I really thrive off learning new things and figuring out how the component pieces fit together. When do you use X over Y? How do we make Z more efficient? I don't want to be an SME. I want to be a jack-of-all-trades who can do a pretty damn good job in a lot of areas--can get a lot done myself, but I also know when to lean on the SME. An architect, maybe.
I've been working the past couple years in a data engineering/data munging capacity (pandas + Spark et al.). I feel like I've wrung all I can from that. More recently, my team has transformed such that I'm doing more backend web development (APIs, Flask, AWS infrastructure, etc.). I enjoy those elements, a lot, because figuring out what technology is appropriate and connecting the pieces together fits into that broader architectural piece I enjoy. I think ultimately I would like to do application development.
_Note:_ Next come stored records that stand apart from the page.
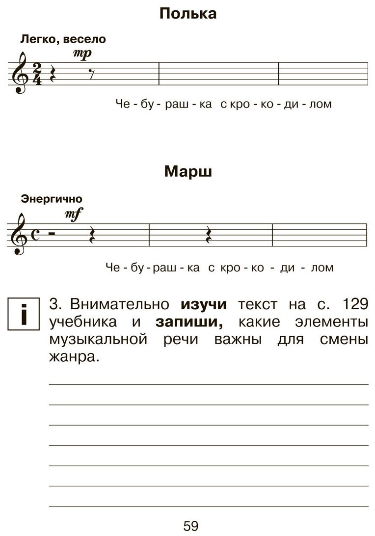 Тетрадь к учебнику «Музыка» авторов Т. В. Челышевой, В. В. Кузнецовой является частью учебно-методического комплекта системы «Перспективная начальная школа». Тетрадь способствует освоению содержания учебника, создаёт условия для выполнения помещённых в него заданий, а также содержит дополнительные сведения и задания, направленные на раскрытие учебных тем. Работа с тетрадью предполагает разные виды учебной деятельности, включая использование информационных технологий, нотной записи музыкальных произведений, работу со словарём, творческую деятельность на уровне метапредметности.
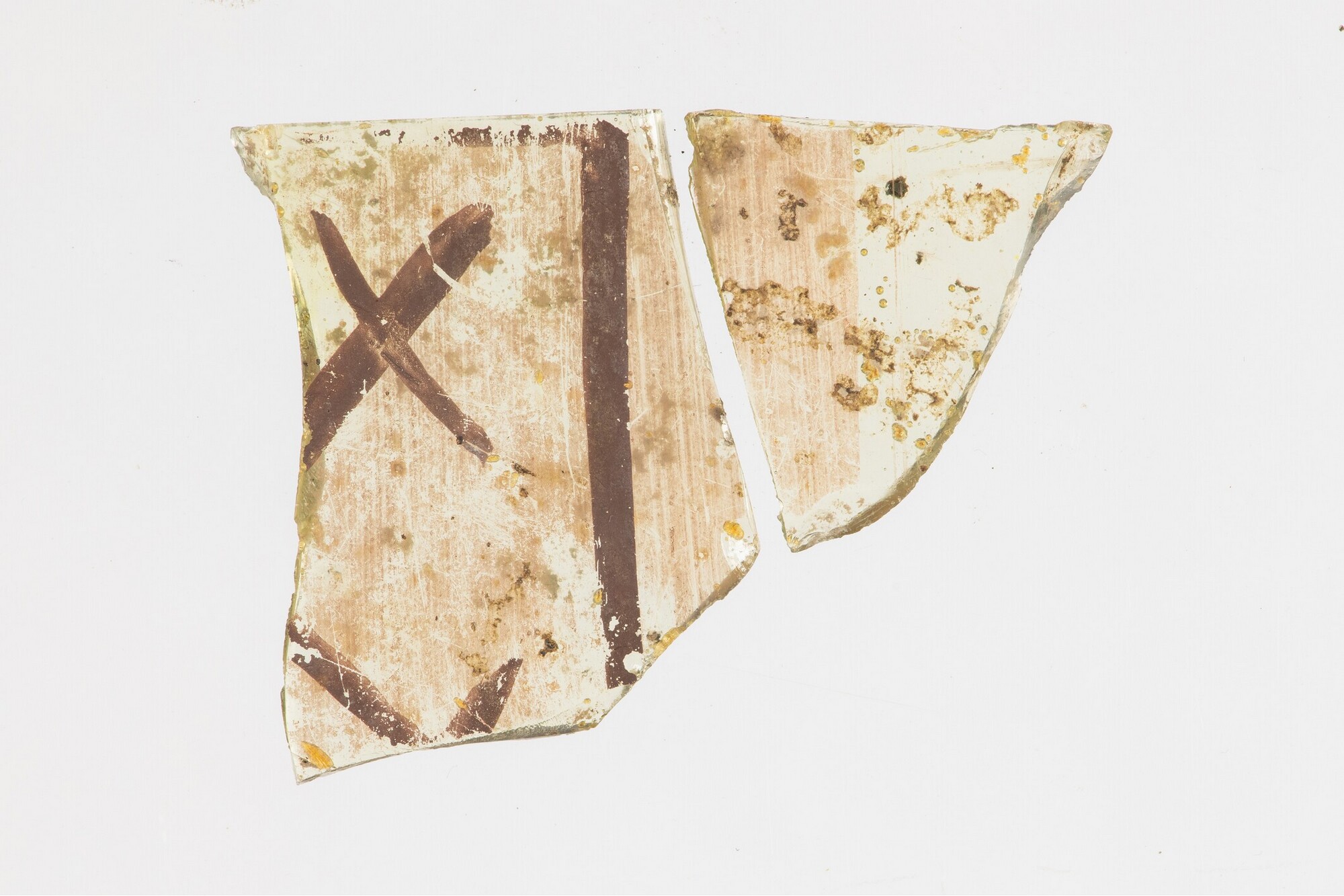 Vensterglas; lichtgroen; gebrandschilderd glas: twee kruisjes naast een verticale streep
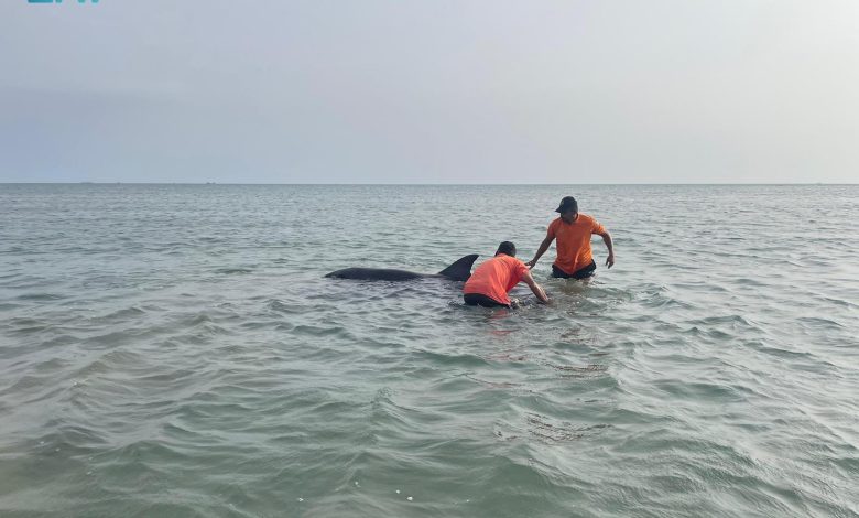 حرس الحدود بمنطقة مكة المكرمة يعيد دلفينًا للبحر بعد أن جرفته الأمواج إلى الشاطئ
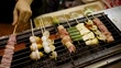 A variety of grilled skewers are cooked at a night market in Bangkok city
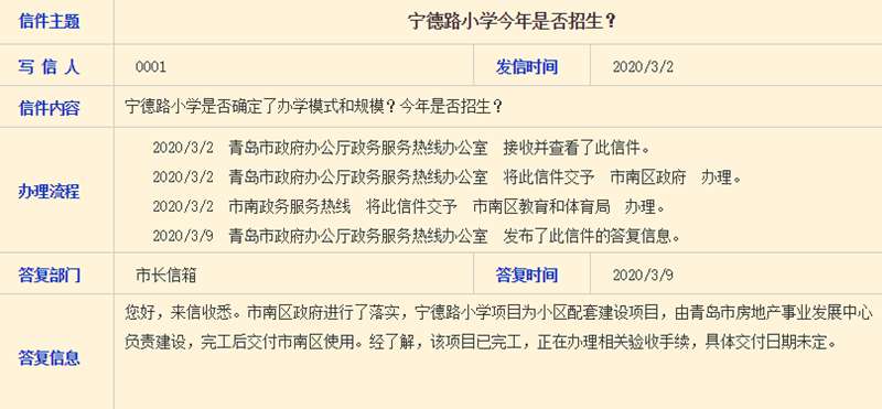 [摘要] 今天,青岛新闻网记者从青岛政务网获悉,针对网友提出的“宁德路小学今年是否招生?”的问题,青岛政务网“市长信箱”答复
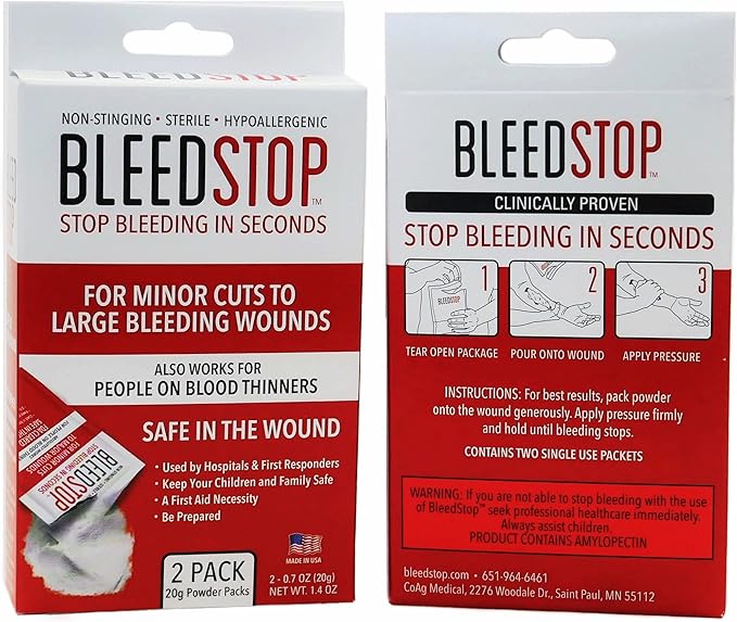 BleedStop First Aid Powder for Blood Clotting, Trauma Kit, Blood Thinner Patients, Camping Safety, and Survival Equipment for Moderate to Severe Bleeding Wounds or Nosebleeds (Bleedstop - 4 Pack 15g) $15.00
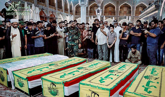 پیکر شماری از رزمندگان مقاومت اسلامی نُجَباء که چندی پیش در مثلث مرزی عراق با سوریه و اردن به مقام رفیع شهادت نایل آمده بودند؛ در حرمهای امام حسین و امیر المومنین علی علیهما السلام طواف داده شد. پیکر پاک این رزمندگان شهید که در درگیریهای سنگین با عناصر گروه تروریستی داعش آسمانی شده بودند؛ با شعارهای ضد تروریستی و ضد استکباری بر روی دستان سیل کثیری از مردم شهید پرور عراق و همرزمانشان تشییع شد. همچنین بر پیکرهای پاک شهدای نُجَباء با حضور جمعی از علما، روحانیون، فرماندهان، رزمندگان حشد شعبی، نیروهای مسلح و همچنین خانوادههایشان نماز اقامه و در نهایت، در آغوش خاک آرام گرفتند.
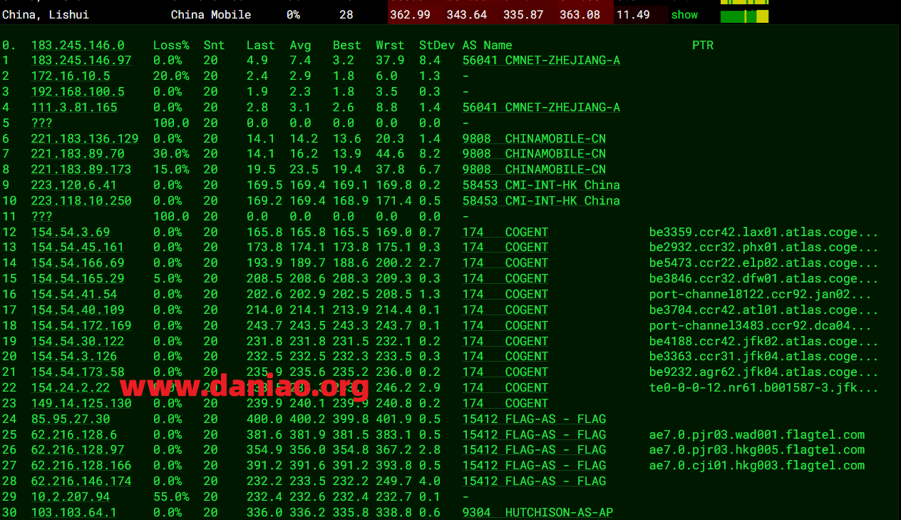 6 223.120.2.45 AS58453 [CMI-INT] 中国 香港 cmi.chinamobile.com 移动
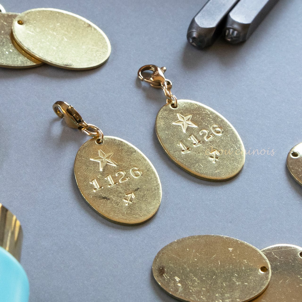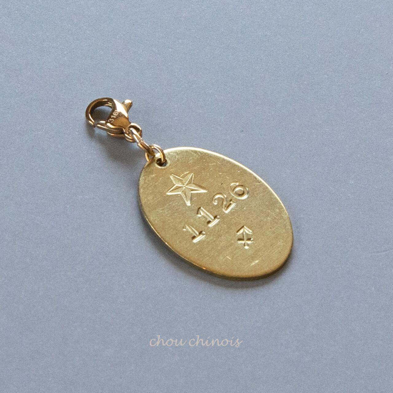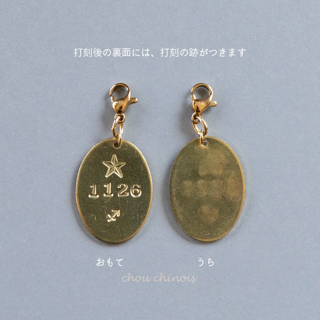 楕円の真鍮プレートに、ハンドプレスで星、4桁以内の数字、星座シンボルを打刻し、カニカンつきチャームに仕立ててお届け致します。

I was approached by another team about a machine learning engineer opportunity. They want to build a library to simplify and productionalize models so that our data scientists can simply focus on the statistics aspect. e.g., instead of 20 steps to handle hyperparameter tuning or RIM weighting, they can just call one function. No boilerplate. It's very little about the math and mostly about software architecture.
I have no interest in data science, honestly. But I'm not happy in my current role (PO is a nightmare), and I think there is intrinsic value in learning how to design libraries and architect code in a meaningful way.
With that said, given my goal of being a jack-of-all-trades application developer, is it likely pursing will pigeonhole me into data science-adjacent pursuits, especially given my data engineering background? Or is it likely the experience will be transferrable?